Здесь, на шоссе, в тени деревьев, была настоящая тишина. Водитель дождался, пока он сойдет. Закрылись двери, автобус уехал.
Кронго прошел несколько метров по тропинке и услышал голоса. Возле одного из деревьев стояли люди. Кронго сразу узнал их – это были жители деревни, он хорошо знал и помнил их одежду, лица, глаза, голоса. Две пожилые женщины – в старых выгоревших накидках, у каждой пол-лица закрыто белыми платками. Трое парней. Седой негр. Они не ожидали его увидеть – и замолчали. По тому, как они сейчас стояли, по напряжению, застывшему в их позах и лицах, Кронго понял – что-то случилось. Что-то плохое, от чего, как они считают, он должен уйти. Стремясь преодолеть это напряженное ожидание, избежать его, Кронго хотел пройти дальше, но седой негр – Кронго вспомнил, что его зовут Тсуб, – странно подмигивая, сказал на ньоно:
– Сынок… Эй, сынок… Ну-ка, подожди… Не нужно, подожди. Постой здесь.
Только тут Кронго увидел длинный предмет под деревом. Предмет был накрыт покрывалом, и Кронго не сразу понял, что это человеческое тело. Когда же понял, то сначала подумал, что человек мертв. Но вот покрывало чуть поднялось, дернулось… Застыло, опустилось – человек тяжело дышал. Кронго увидел окровавленное лицо, выглядывавшее из-под покрывала, задранный подбородок, закатившиеся глаза, веки над ними были разорваны.
– Что случилось?
– Ничего, ничего, – старик непрерывно подмигивал, лицо его при этом оставалось озабоченным, неприятным. – Ты пока постой, не ходи…
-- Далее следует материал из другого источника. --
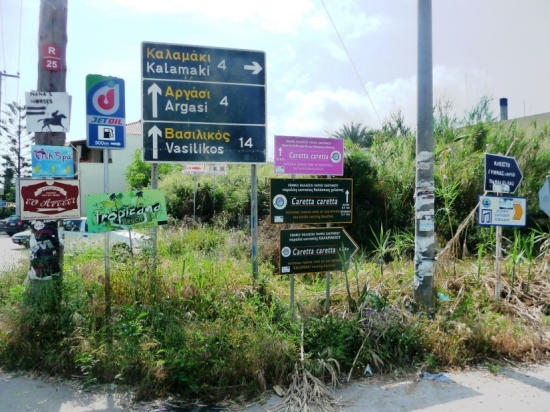Een fietstocht naar laganas stond ook op het programma. Links van de weg staat een aanduiding dat het 5 kilometer verder is. Het begin is licht glooiend, maarde weg gaat door een schitterende omgeving. In een olijfgaard bij een witte kapel lopen zelfs een aantal paarden. In een gestadig tempo trappen we verder. We stoppen even in een duingebied voor Kalamaki, bij een pad dat naar zee afloopt. Op een bord staat dat er zeeschildpadden zijn. De toegang naar het strand is gesloten. Uit een wachthokje komt iemand naar ons toe. Het stuk strand is beschermd. We hebben er alle begrip voor. Na Kalamaki loopt er door een bosrijke omgeving zelfs een fietspad langs de weg. Rechts van die weg ligt het vliegveld. De omgeving is begroeid met paarse bloemen.

Старик смотрел сквозь деревья; Кронго повернулся туда, но ничего не увидел.
– Стыдно перед людьми, – сказал старик, по-прежнему глядя сквозь деревья. – Что люди подумают?
Он прищурился, сморщился; руки его непрерывно двигались, отгоняя мух.
– Балубу? Слышишь?
Ему никто не ответил. Парни переглянулись. Они были одеты, как одевались в деревне все мужчины, – в сандалетах и брюках, голые по пояс.
– Эй, Балубу! – старик повысил голос. – Тебе это даром не пройдет. Ты же его до смерти забил.
Он подождал и добавил:
– Перед братьями ответишь.
– Плевал я на братьев, – отозвался голос из-за деревьев. Голос звучал глухо и показался Кронго знакомым. – Со мной пусть делают что хотят. А ее… Слышишь, Тсуб? Если около увижу…
Кронго наконец разглядел того, кто это говорил. Это был его старый знакомый. Тот самый молодой гигант, которого он не раз встречал в деревне. Он стоял, прислонившись спиной к пальме. Значит, того, кого он про себя называл «старый знакомый», зовут Балубу.
– А если братья будут около нее крутиться, – сказал Балубу, – и их убью.
– Отгони мух, – кивнул старик, будто не зная, чем заполнить тишину. Один из парней присел, ладонью стал отгонять мух, плотно облепивших окровавленное лицо.
– Это он когда напьется, – прошептала на ухо старику одна из женщин. – Трезвый он хороший… Слышишь, Тсуб… Ты же знаешь.
– Хороший, – старик продолжал подмигивать, глядя то на Кронго, то на парня, отгонявшего мух. – Вот тебе – хороший. Сволочь, мерзавец… Человека убил. За что?
– Ты же знаешь… Все из-за нее, – шепнула женщина.
Из-за нее, подумал Кронго. Из-за какой-то женщины. Какой? Он еще не мог понять тогда, что это значит – из-за нее.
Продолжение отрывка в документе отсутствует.